Pèlerins de la lumière, qui marchez dans les champs de la nuit, vous voici, nous voici.

Publié le par Père Olivier de Framond

Pèlerins de la lumière, qui marchez dans les champs de la nuit, vous voici, nous voici. Que sommes-nous ici, à attendre, à espérer ? Seuls nos cœurs peuvent répondre. J’attends, comme vous, une lumière, que la terre s’éclaire, qu’un chemin de vie s’ouvre et s’offre à nos yeux. J’attends une lumière dans le fond de nos yeux, dans la nuit des pays, avec tous ceux qui marchent. J’attends l’ange de Dieu éclairer notre route. J’attends avec vous de la reconnaître, la lampe, en cet enfant qui naît, que le ciel nous a donné. Ouvre nos cœurs, lumière de NOËL !
L’ange du Seigneur, qui est-il, mystère, mais c’est notre éveilleur d’attention. Il met en nous un instant de crainte, juste le temps d’accueillir ce qu’il fait pressentir : une naissance pas comme les autres. C’est une naissance qui donne naissance. Elle vient comme une lumière qui en allume d’autres, si bien que tout prend vie. Avant l’ange, on a comme une vie sans vie, du plus grand au plus petit : la terre s’agite avec un empereur, la région de Syrie, un coin de Galilée, une ville, Bethléem, un couple, Joseph et Marie, en conséquence.
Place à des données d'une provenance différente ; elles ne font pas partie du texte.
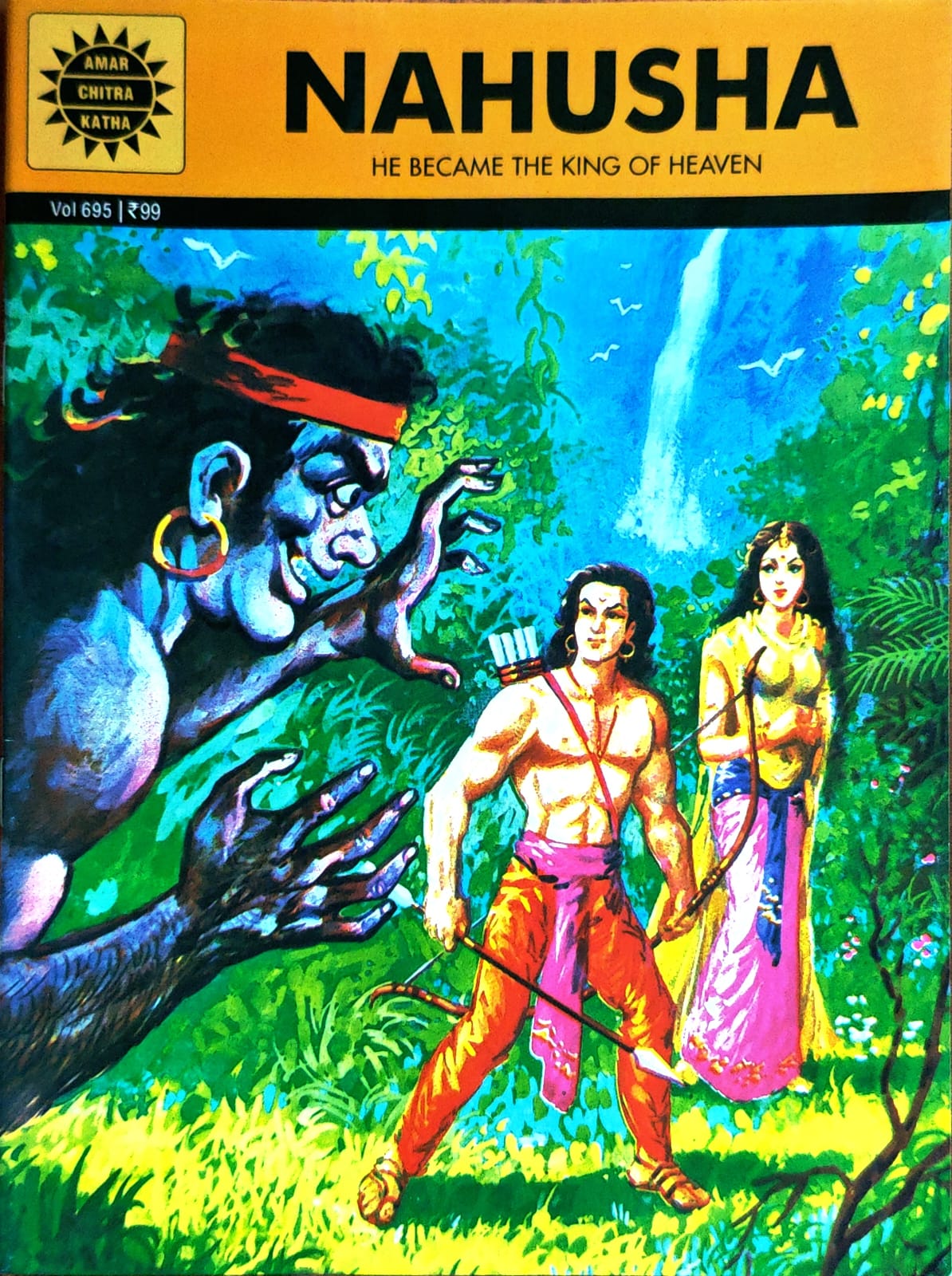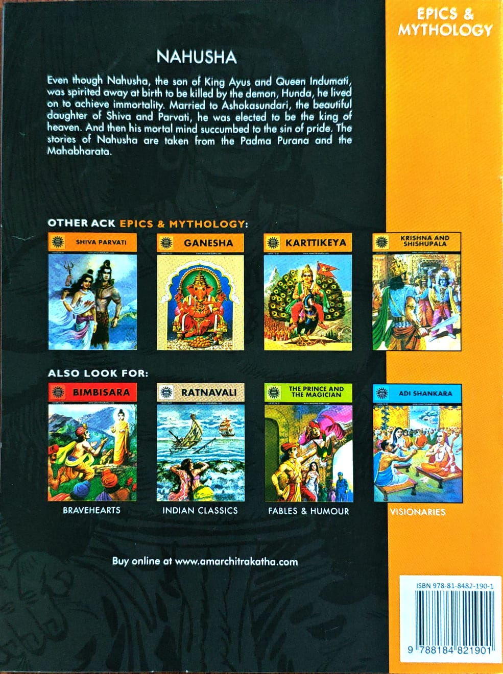 Even though Nahusha, the son of King Ayus and Queen Indumati, was spirited away at birth to be killed by the demon, Hunda, he lived on to achieve immortality. Married to Ashokasundari, the beautiful daughter of Shiva and Parvati, he was elected to be the king of heaven. And then his mortal mind succumbed to the sin of pride. The stories of Nahusha are taken from the Padma Purana and the Mahabharata.

Tout ça finit dans une mangeoire, où un enfant naît, le 1er né de Marie… Et cette naissance fait venir l’ange ! Et l’ange vient à ceux que le Seigneur aime : ceux qu’il trouve encore debout en pleine nuit, des bergers ! Tout s’éclaire et naît, du plus petit jusqu’au plus grand : la grotte, les campagnes des alentours, la ville de David, le ciel, la terre des hommes ses bien-aimés.
L’ange du Seigneur, c’est mon éveilleur. Avec lui le monde naît à la parole : la mangeoire, la grotte, le pays, la ville, la terre, le ciel ! Notre église devient le champ de la nuit des bergers visités. L’ange passe de lieu en lieu, sur toute notre ville, la région, le pays, les continents. Il nous mène au seul cadeau de Noël : un cœur qui s’ouvre, se met en route, s’étonne, rend grâce, apprend à aimer, à aimer cette terre avec toute sa vie et ses blessures. Les arbres dansent de joie. L’ange du Seigneur, autour de l’Enfant de la mangeoire, nous fait danser. Il met une lumière intérieure en notre grotte intérieure, en notre nuit. Le peuple qui marchait dans les ténèbres a vu se lever la lumière. Le peuple, c’est nous, les bergers de la nuit, c’est moi et tout ce qui vit et bagarre en moi. Sur les habitants du pays de l’ombre une lumière a resplendi. Mon pays de l’ombre, de quoi est-il fait, je le subis, il ne vit pas, il peine, il erre, machinalement ; l’enfant de la mangeoire me donne de l’accueillir et d’y laisser entrer la lumière de la vie. Il y refait ma vie.